By Brian Chase on May 1, 2020 - No comments

Lawsuits Claim Bayer Covered Up Essure Injury Claims

Lawsuits Claim Bayer Covered Up Essure Injury Claims

The U.S. Food and Drug Administration (FDA) on April 24th released data from more than 15,000 new adverse event reports in 2019 regarding Essure birth control devices. According to the report, the most common reports involved surgery to remove the Essure device, chronic pain and menstrual irregularities. Essure has consistently had problems over the last 17 years.

What is Essure?

Essure is a medical device that is inserted into a woman’s reproductive system where it triggers the growth of scar tissue that then seals off the fallopian tubes and prevents pregnancy. Bayer advertised Essure as a quick and safe way for women to avoid pregnancy without going through a traditional tubal ligation surgery that requires general anesthesia.

According to the FDA, overall, there have been 47,856 reports of adverse events from the time Essure was approved in 2012 through 2019. Around 90% of those reports involve the device’s removal. From 2012 to 2019, the most frequently reported side effects patients said they suffered were abdominal pain, heavier periods, menstrual irregularities, headaches, organ perforation, fatigue, weight fluctuations, depression and anxiety, and hair loss.

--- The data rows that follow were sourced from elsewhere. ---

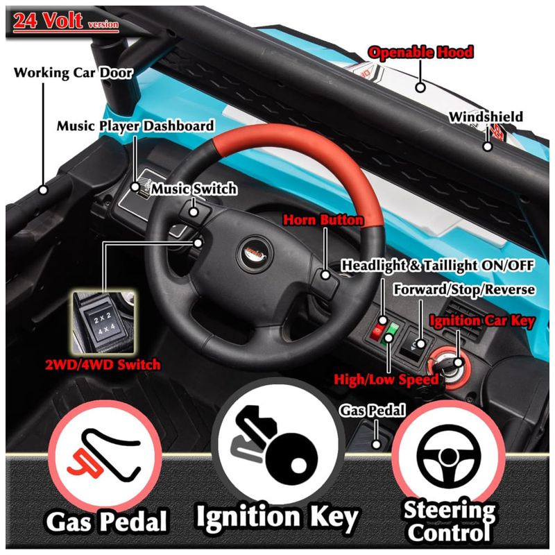 Design Realista e Aventura Off-Road: Com um design inspirado em UTV Off-Road, o carrinho possui partida com chave, cinto de segurança ajustável, luzes LED brilhantes e portas duplas com trava. A estrutura elevada e as rodas à prova de explosão e resistentes ao desgaste garantem um estilo off-road autêntico, permitindo que seus filhos explorem terrenos acidentados com segurança.
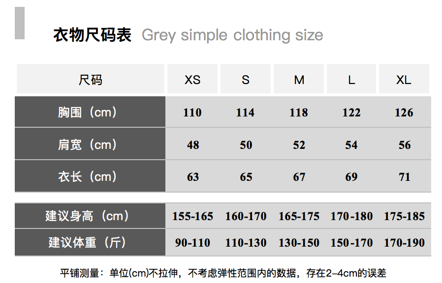 【尺码】XS、S、M、L、XL、XXL(具体详见尺码表)
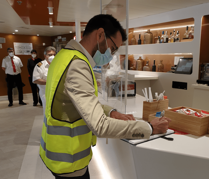 Se trató de un encuentro muy distendido donde pudieron comprobar todos los servicios de que dispone este buque, muy querido y apreciado en la isla como antiguo «Sorolla». Finalmente, el alcalde estampó su firma en el libro de visitas del buque, donde además dejó una bonita dedicatoria a toda la compañía y personal de la naviera en general.

The most frequent device problems were metal allergies among patients, device breakage or fragmentation, dislodged/dislocated device and difficulty removing the device. In some cases, the devices did not work as intended and resulted in unwanted pregnancies.

Essure Lawsuits

Bayer is now facing nearly 20,000 lawsuits nationally from women who suffered severe and life-changing complications. In many cases, the women had to undergo surgeries, sometimes even multiple surgeries, to get the device removed. In 2017, Essure was recalled in most countries around the world, but Bayer continued to sell it in the United States until voluntarily pulling it off the market in December 2018 citing declining sales.

Even though Essure is not on the market, more than 500,000 women have been implanted with this device and tens of thousands are developing long-term complications. The Essure Problems public Facebook group has nearly 47,000 members. Social media and online spaces have become places where women affected by these defective products have gathered to share their stories.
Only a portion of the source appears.